Material shown >>
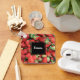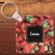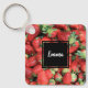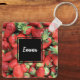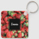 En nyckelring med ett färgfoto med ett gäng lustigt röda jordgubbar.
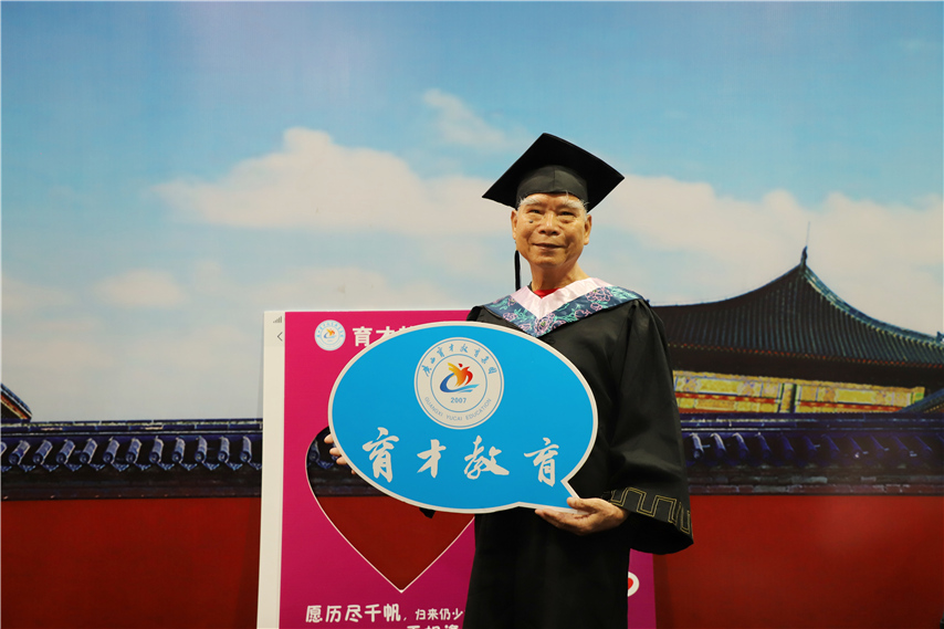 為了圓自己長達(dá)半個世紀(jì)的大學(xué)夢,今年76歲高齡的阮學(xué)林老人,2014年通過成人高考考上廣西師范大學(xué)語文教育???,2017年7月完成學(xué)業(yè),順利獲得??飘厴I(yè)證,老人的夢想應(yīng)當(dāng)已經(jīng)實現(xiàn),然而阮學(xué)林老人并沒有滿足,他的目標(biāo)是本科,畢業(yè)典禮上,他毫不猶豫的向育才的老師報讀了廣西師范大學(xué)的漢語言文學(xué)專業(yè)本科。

==

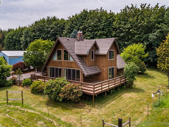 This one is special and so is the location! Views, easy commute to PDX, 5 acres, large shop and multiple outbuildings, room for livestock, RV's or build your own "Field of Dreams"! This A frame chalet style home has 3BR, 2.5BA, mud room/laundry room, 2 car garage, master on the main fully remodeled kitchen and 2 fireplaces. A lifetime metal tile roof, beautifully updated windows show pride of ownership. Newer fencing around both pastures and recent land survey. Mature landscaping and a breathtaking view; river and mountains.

---

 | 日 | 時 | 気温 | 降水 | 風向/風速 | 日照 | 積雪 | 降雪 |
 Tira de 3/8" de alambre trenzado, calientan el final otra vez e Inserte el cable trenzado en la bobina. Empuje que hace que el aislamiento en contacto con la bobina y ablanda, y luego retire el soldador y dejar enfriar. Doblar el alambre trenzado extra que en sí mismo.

Task directions >>
Starting at the line above that has "En nyckelring med" and ending at the line that has "為了圓自己長達(dá)半個世", copy each line exactly, leaving the pictures out and adding nothing.

Task result >>
 En nyckelring med ett färgfoto med ett gäng lustigt röda jordgubbar.
 為了圓自己長達(dá)半個世紀(jì)的大學(xué)夢,今年76歲高齡的阮學(xué)林老人,2014年通過成人高考考上廣西師范大學(xué)語文教育???,2017年7月完成學(xué)業(yè),順利獲得??飘厴I(yè)證,老人的夢想應(yīng)當(dāng)已經(jīng)實現(xiàn),然而阮學(xué)林老人并沒有滿足,他的目標(biāo)是本科,畢業(yè)典禮上,他毫不猶豫的向育才的老師報讀了廣西師范大學(xué)的漢語言文學(xué)專業(yè)本科。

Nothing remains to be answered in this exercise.